We need to define agent's policy of picking actions given states. Since we have only 16 disttinct states and 4 actions, we can just store the action for each state in an array.

This basically means that any array of 16 integers from 0 to 3 makes a policy.

In [45]:
import numpy as np
def get_random_policy():
    """
    Build a numpy array representing agent policy.
    This array must have one element per each of 16 environment states.
    Element must be an integer from 0 to 3, representing action
    to take from that state.
    """
    return np.random.randint(0, 4, 16)

In [46]:
np.random.seed(1234)
policies = [get_random_policy() for i in range(10**4)]

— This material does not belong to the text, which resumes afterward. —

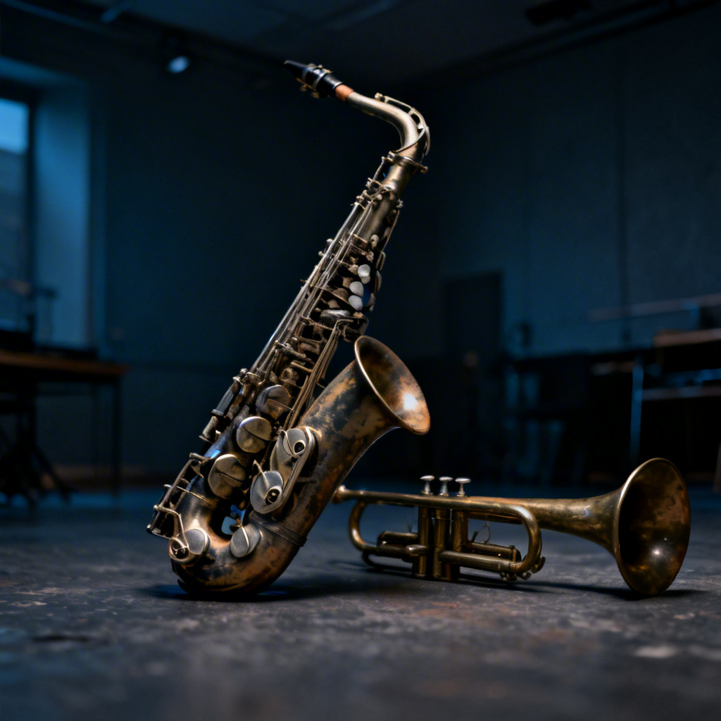 scandinavian jazz, ecm records style, 60 BPM, tenor sax, muted trumpet, melancolic, dark,

assert all([len(p) == 16 for p in policies]), 'policy length should always be 16'
assert np.min(policies) == 0, 'minimal action id should be 0'
assert np.max(policies) == 3, 'maximal action id should be 3'
action_probas = np.unique(policies,return_counts=True)[-1] /10**4. /16.
print ("Action frequencies over 10^4 samples:"),action_probas
assert np.allclose(action_probas,[0.25]*4,atol=0.05), "The policies aren't uniformly random (maybe it's just an extremely bad luck)"
print ("Seems fine!")

Action frequencies over 10^4 samples:
Seems fine!


### Let's evaluate!
* Implement a simple function that runs one game and returns the total reward

In [47]:
def sample_reward(env,policy,t_max=27):
    """
    Interact with an environment, return sum of all rewards.
    If game doesn't end on t_max (e.g. agent walks into a wall), 
    force end the game and return whatever reward you got so far.
    """
    s = env.reset()
    total_reward = 0
    
    for i in range(t_max):
        s, rev, is_end, _ = env.step(policy[s])
        total_reward += rev
        if is_end: break
    return total_reward

In [48]:
print ("generating 10^3 sessions...")
rewards = [sample_reward(env,get_random_policy()) for _ in range(10**3)]
assert all([type(r) in (int,float) for r in rewards]), 'sample_reward must return a single number'
assert all([0 <= r <= 1 for r in rewards]), 'total rewards should be between 0 and 1 for frozenlake'
print ("Looks good!")

generating 10^3 sessions...
Looks good!


In [49]:
def evaluate(policy,n_times=100):
    """Run several evaluations and average the score the policy gets."""
    rewards = [sample_reward(env, policy) for i in range(n_times)]
    return np.mean(rewards)
        

In [50]:
def print_policy(policy):
    """a function that displays a policy in a human-readable way"""
    lake = "SFFFFHFHFFFHHFFG"
    
    # where to move from each tile
    arrows = ['<v>^'[a] for a in policy]
    
    #draw arrows above S and F only
    signs = [arrow if tile in "SF" else tile for arrow,tile in zip(arrows,lake)]
    
    for i in range(0,16,4):
        print (' '.join(signs[i:i+4]))

print ("random policy:")
print_policy(get_random_policy())

random policy:
> < < >
v H > H
> ^ > H
H > < G


### Random search

In [51]:
best_policy = None
best_score = -float('inf')

from tqdm import tqdm
for i in tqdm(range(10000)):
    policy = get_random_policy()
    score = evaluate(policy)
    if score > best_score:
        best_score = score
        best_policy = policy
        print ("New best score:",score)
        print ("Best policy:",
        print_policy(best_policy))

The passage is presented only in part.